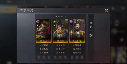 如果已经有该效果,额外提升1-2%主动战法发动率。整军在己方三人均为盾兵时生效,自带战法变更为专属战法,对各属性最高的敌军添加畏惧并造成一定伤害。
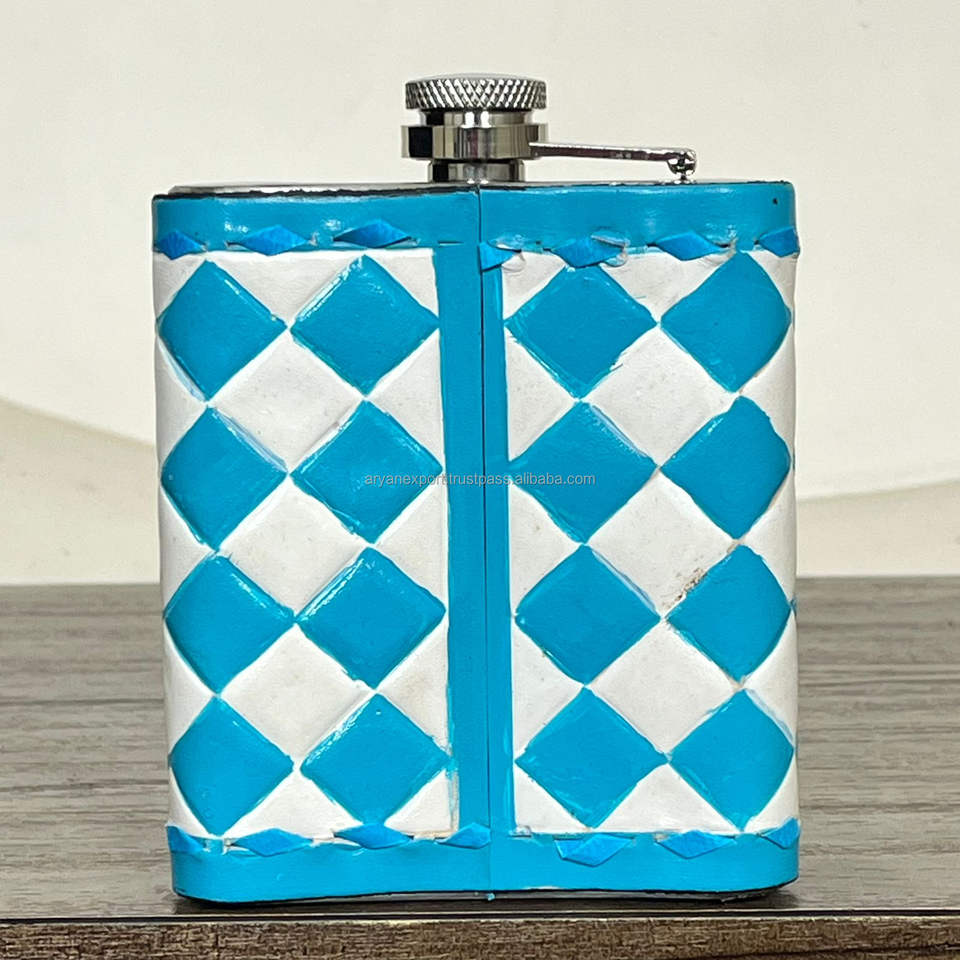 Flasque à alcool en cuir à carreaux travaillé à la main avec acier inoxydable
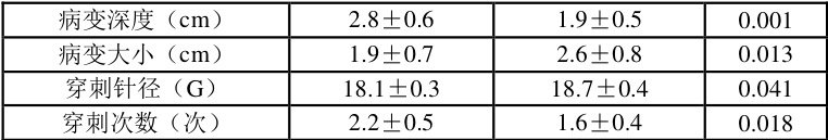 将患者按是否发生并发症分组,分析性别、年龄、体位、病变部位、病变大小、病变深度、穿刺针径、穿刺次数等因素,结果显示病变深度、病变大小、穿刺针径和穿刺次数与并发症发生率相关( P<0.05 )。见表 1。
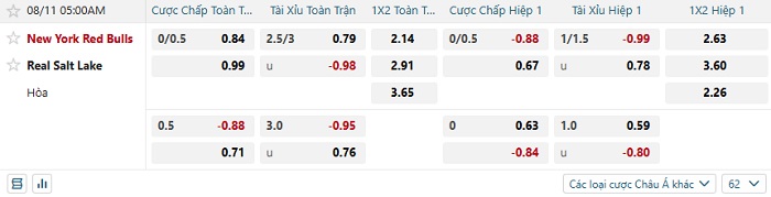 Tip kèo Châu Á full trận New York Red Bulls vs Real Salt Lake
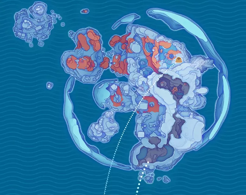 找到通往碎石悬崖的路径。 隐秘通道位于发光山谷的瀑布后方,靠近水晶巨石。击碎巨石并非必要操作,但必须从其平台开始向洞穴飞行——否则喷气背包无法获得足够高度。

***

- _What the exercise asks_
Everything in the data except the pictures must be retyped exactly.

- _Your response_
 如果已经有该效果,额外提升1-2%主动战法发动率。整军在己方三人均为盾兵时生效,自带战法变更为专属战法,对各属性最高的敌军添加畏惧并造成一定伤害。
 Flasque à alcool en cuir à carreaux travaillé à la main avec acier inoxydable
 将患者按是否发生并发症分组,分析性别、年龄、体位、病变部位、病变大小、病变深度、穿刺针径、穿刺次数等因素,结果显示病变深度、病变大小、穿刺针径和穿刺次数与并发症发生率相关( P<0.05 )。见表 1。
 Tip kèo Châu Á full trận New York Red Bulls vs Real Salt Lake
 找到通往碎石悬崖的路径。 隐秘通道位于发光山谷的瀑布后方,靠近水晶巨石。击碎巨石并非必要操作,但必须从其平台开始向洞穴飞行——否则喷气背包无法获得足够高度。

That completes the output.